The goal of this project in the TEEL lab is to develop a portable and interoperable online learning ecosystem that enables effective and efficient learning that leverages social interactions between students as a substantial learning resource. Furthermore, in addition to large scale software development, the lab conducts studies of student learning and evaluates innovative approaches for incorporating social learning as a driver for developing cognitive skills and motivation through reflection, interaction, and cohort building.
The Data Engineer is responsible to design and build the infrastructure to describe, collect and exchange learning activity data and Technology Enhanced Learning (TEL) tool usage data from various resources to enable research experiments. To support these research-driven endeavors, one of the team's goals is to use evidence-based learning science to create effective online learning. This approach requires ongoing data collection and analysis of the learning process.
You will be responsible for the requirements gathering, design, and implementation of a data pipeline to support learning research. Such a data pipeline is composed of data ingestion, data persistence technologies (in the form of data lake, data warehouse, etc.), ETL, and analytics tools to aggregate and consume various data streams (Spark, Hadoop, etc.). You will also be required to design and build a logging collection, storage and analytics solution to support online education platforms that collect course-based learning logs from both Learning Management System (LMS) microservices and external cloud platform logs. The framework will provide function-specific interactive services for data querying and visualization, report generation and notification.
Design and adopt a logging standard (e.g., IMS Caliper) to model learning activity events with relevant context from various sources that help facilitate learning.
Establish a common vocabulary for describing learning interactions (including social interactions between students in a variety of channels, beginning but not limited to text-based interactions) to prompt data interoperability and sharing.
Collect heterogeneous logs from various sources and move into a data lake. The logs include but are not limited to:
Submission attempts and grading outcomes evaluated by an auto-grading service.
Student enrollment and demographic data.
Student pageview logs on the LMS platform.
Discussion Forum contributions
Interaction data from Blogs (including editing behavior logs)
Cloud resource usage logs on cloud platforms such as Azure.
Logs from other microservices.
Perform Extract, Transform and Load (ETL) to transform various logs into the common logging standard and store them into a data lake using the fully managed ETL service.
Define the data schema and store structural and operational metadata using a metadata repository.

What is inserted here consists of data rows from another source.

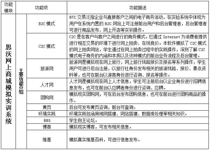 思沃(wo)網上商城模擬實(shi)(shi)訓(xun)(xun)系(xi)(xi)統(tong)(tong)充分考(kao)慮到了試驗的具體情(qing)況,系(xi)(xi)統(tong)(tong)針對(dui)網上商城模擬實(shi)(shi)訓(xun)(xun)進行(xing)(xing)相關配置(zhi),學生可在(zai)系(xi)(xi)統(tong)(tong)中體驗網上B2C、C2C模擬商城開店(dian)實(shi)(shi)訓(xun)(xun)并結合網絡環境的搭建、數據庫運用知識、團(tuan)購網、在(zai)線旅游網、在(zai)線人才網等進行(xing)(xing)多元(yuan)性的實(shi)(shi)訓(xun)(xun)系(xi)(xi)統(tong)(tong)。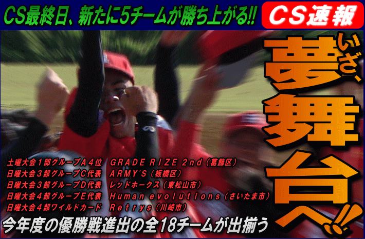 | GRADE RIZE 2nd(4位枠) | 6 | × | 2 | BBファイターズ(1位枠) | ||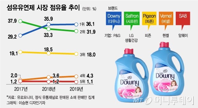 P&G의 기존 다우니 전제품에는 향기를 캡슐로 감싸 향이 오래 지속되는 '향기캡슐'이 들어있었다. 강한 향을 앞세운 다우니는 2018년 국내 섬유유연제 시장에서 LG생활건강을 제치고 점유율 1위로 올라섰다.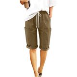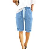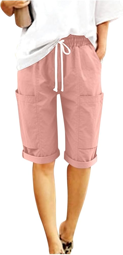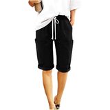[Feature]: mid/high-rise, elastic waistband, adjustable waist drawstring, loose cut. This lounge short pants are fashion and cute. It is perfect to match with various blouses. Made of breathable and comfortable cotton and linen, bermuda shorts for women, it's very cool, spring and summer beach must haves.

Analyze and visualize the transformed logs to answer research questions which may depend on the insight to:
Annotation of textual data
Application and extension of text mining tools
Validate through statistical significance which behaviors and content correlate with performance and consistently produce the desired learning outcomes.
Compare the effectiveness of different content or interaction types through A/B testing.
Establish predictive measures to support early intervention systems.
Embed data hooks into the LMS platform and the TEL tools to feed the data to the new data pipeline.
At least a Bachelor's degree or higher in computer science or related field.
At least 3+ years of professional experience with at least 1 year spent building, deploying and troubleshooting logging pipelines for production systems using the ELK stack (ElasticSearch, Logstash, and Kibana) and related technologies (Fluentd, Kafka, etc.)
At least one (1) years of experience applying basic text mining or NLP tools
At least one (1) years of experience with commercial cloud services including Amazon Web Services (AWS), Google Cloud Platform (GCP) or Microsoft Azure.
Demonstrated skills in agile development for scalable ETL pipelines.
Experience with Test Driven Development.
Experience with RESTful web services.
Experience with RESTful API specification and the toolset (OpenAPI, Swagger).
Experience working in an agile development environment.
Experience building LMS and/or TEL tools and embedding data hooks to predict student performance and evaluate the efficacy of educational experiments to improve student learning.
Experience of quantitative and/or qualitative research methods and educational data mining, especially in the area of Discourse Analytics.
Exposure to logging standards such as IMS Caliper and xAPI to produce learning analytics.
Familiarity with CI/CD tools (Jenkins, Travis CI), containerized microservices (Docker, Kubernetes), serverless, and infrastructure automation tools (Terraform).
Familiarity with data lakes and data warehousing.
How we work in the TEEL Lab:
Learner-centered decision making.
Fast-paced research-based environment.
Ability to work independently, take ownership of tasks and deliver high-quality work.
Effective collaboration within a team environment.
Effective project and time management skills.
Ability to respond to urgent requests for deployed services.
Ability to communicate with engineers, researchers, students, and CSP partners.
Internal Number: 2012019
About Carnegie Mellon University
Carnegie Mellon (www.cmu.edu) is a private, internationally ranked research university with programs in areas ranging from science, technology and business, to public policy, the humanities and the arts. More than 12,000 students in the university’s seven schools and colleges benefit from a small student-to-faculty ratio and an education characterized by its focus on creating and implementing solutions for real problems, interdisciplinary collaboration and innovation. A global university, Carnegie Mellon’s main campus in the United States is in Pittsburgh, Pa. It has campuses in California’s Silicon Valley and Qatar, and programs in Africa, Asia, Australia, Europe and Mexico.